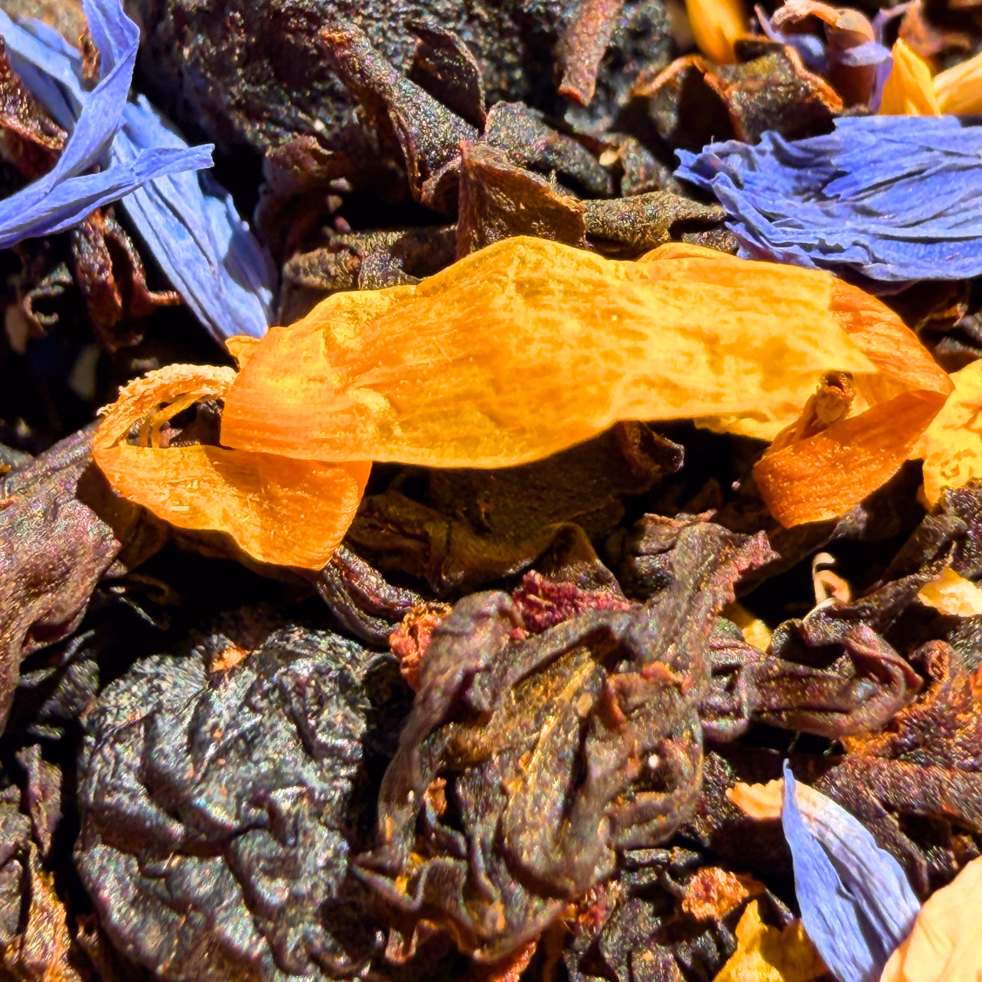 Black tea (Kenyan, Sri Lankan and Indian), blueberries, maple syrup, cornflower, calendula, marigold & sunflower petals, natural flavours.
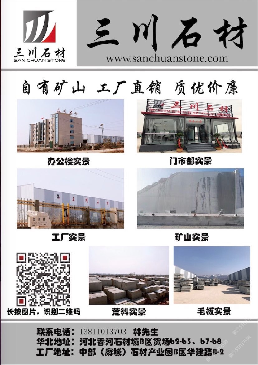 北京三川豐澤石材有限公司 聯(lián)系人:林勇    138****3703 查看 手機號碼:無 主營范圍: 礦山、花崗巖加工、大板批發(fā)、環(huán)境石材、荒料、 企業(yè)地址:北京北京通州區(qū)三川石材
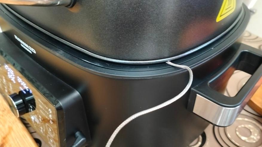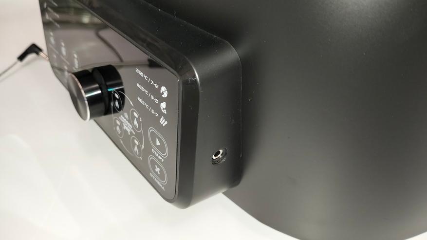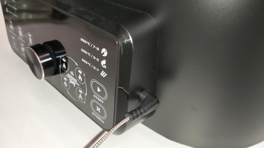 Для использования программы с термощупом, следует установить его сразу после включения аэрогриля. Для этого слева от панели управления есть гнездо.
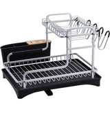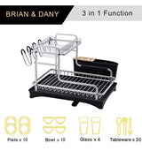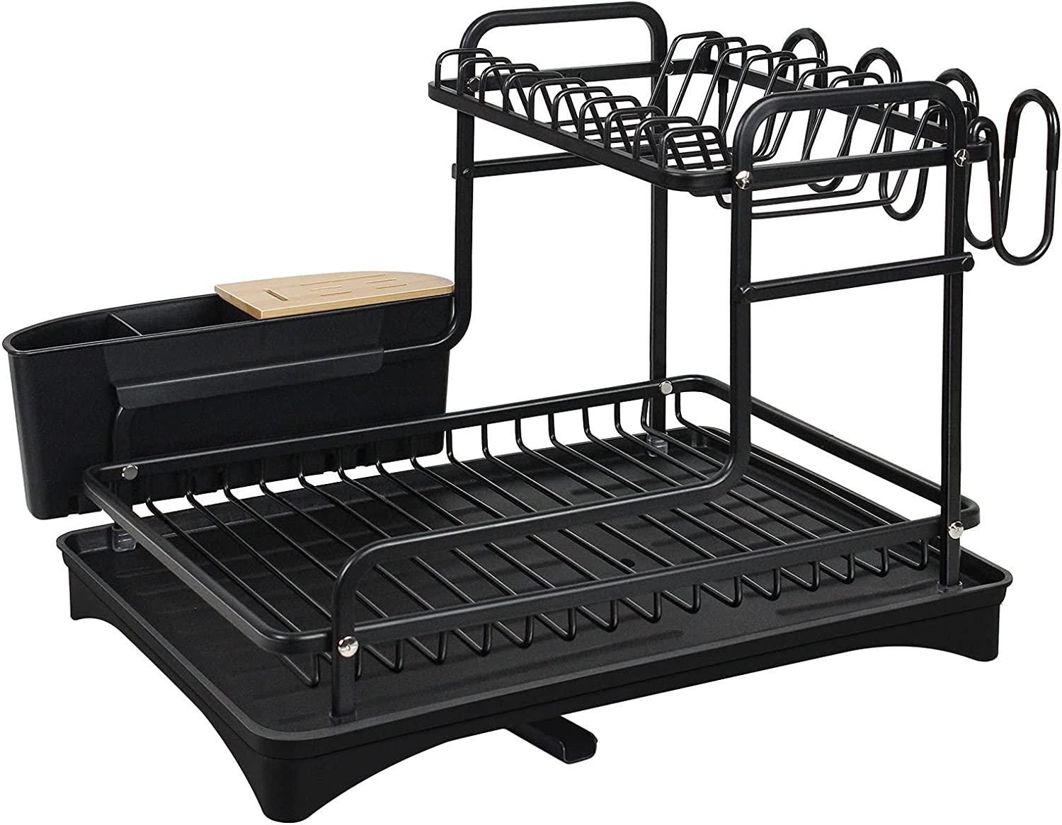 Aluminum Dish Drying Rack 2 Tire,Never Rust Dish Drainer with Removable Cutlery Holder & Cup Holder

* * * * *

Requirement: Please print the material exactly as given above, omitting the pictures.

The completed task:
 Black tea (Kenyan, Sri Lankan and Indian), blueberries, maple syrup, cornflower, calendula, marigold & sunflower petals, natural flavours.
 北京三川豐澤石材有限公司 聯(lián)系人:林勇    138****3703 查看 手機號碼:無 主營范圍: 礦山、花崗巖加工、大板批發(fā)、環(huán)境石材、荒料、 企業(yè)地址:北京北京通州區(qū)三川石材
 Для использования программы с термощупом, следует установить его сразу после включения аэрогриля. Для этого слева от панели управления есть гнездо.
 Aluminum Dish Drying Rack 2 Tire,Never Rust Dish Drainer with Removable Cutlery Holder & Cup Holder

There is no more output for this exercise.